Un internaute m'a posé une série questions vraiment importantes. Les résultats des essais sur les vaccins Covid sont-ils publics ? Est-il normal qu'ils soient réalisés par les laboratoires pharmaceutiques ? Comment la revue Prescrire se forge-t-elle un avis ? Comment sont décidés les prix des médicaments ? Les industriels du médicament se rendent-ils coupables de corruption ? Je réponds ici, autant que je peux, aux premières questions. Je répondrai aux autres dans un autre article.
Je reproduis ci-dessous le courriel d'un lecteur qui pose des questions vraiment intéressantes et importantes.

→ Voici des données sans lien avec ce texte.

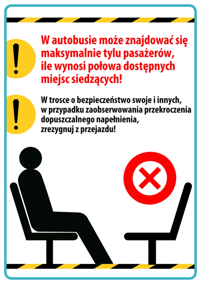 - Na drzwiach autobusów pojawią się komunikaty o maksymalnej dopuszczalnejliczbie osób.
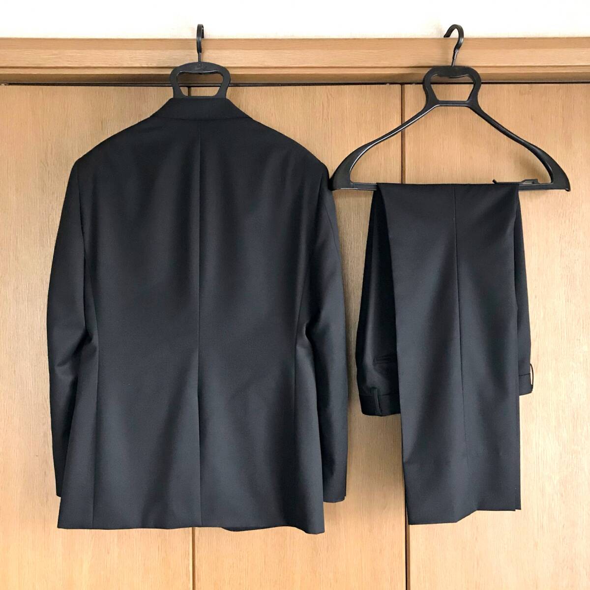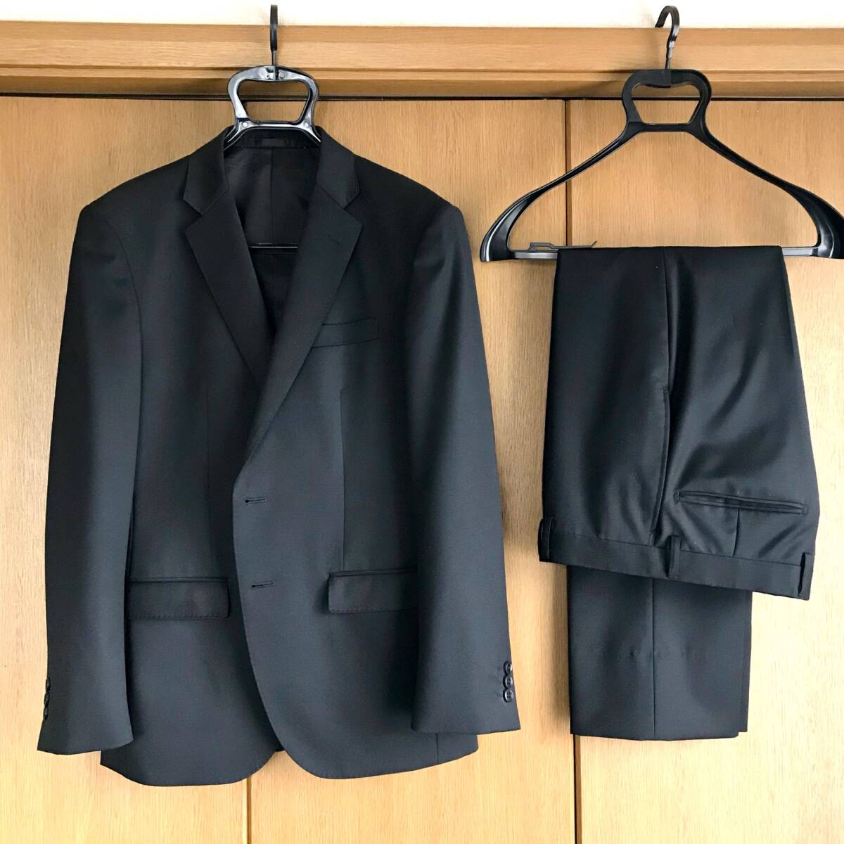 スラックスはノータック、ストレート、シングルです(股下75cm、裾幅21cm。)

« Je suis très surpris des avis qui sont donnés sur les vaccins Covid. À ma connaissance, aujourd'hui, à part les labos concepteurs de ces vaccins, personne n'est en possession des résultats des essais cliniques. Essais qui devraient être réalisés par des organismes indépendants et non par les labos concernés. D'ailleurs je me demande comment la revue "Prescrire" se permet de donner un avis alors qu'elle n'est pas en possession des résultats. À ce jour, Madame Michèle Rivasi, député européenne, membre de la commission santé, n'a toujours pas réussi à obtenir les contrats concernant ces vaccins. Une action est d'ailleurs engagée à l'encontre de la commission européenne auprès de la Cour de Justice Européenne.. Aux USA, le cabinet Aaron SIRI a engagé, au non d'un collectif, une procédure pour obtenir l'intégralité des contrats Pfizer. Nous n'avons jamais été en présence d'une telle situation où se mêlent des soupçons de corruption, prise illégale d'intérêts, favoritisme, concussion, détournements d'argent public, etc. »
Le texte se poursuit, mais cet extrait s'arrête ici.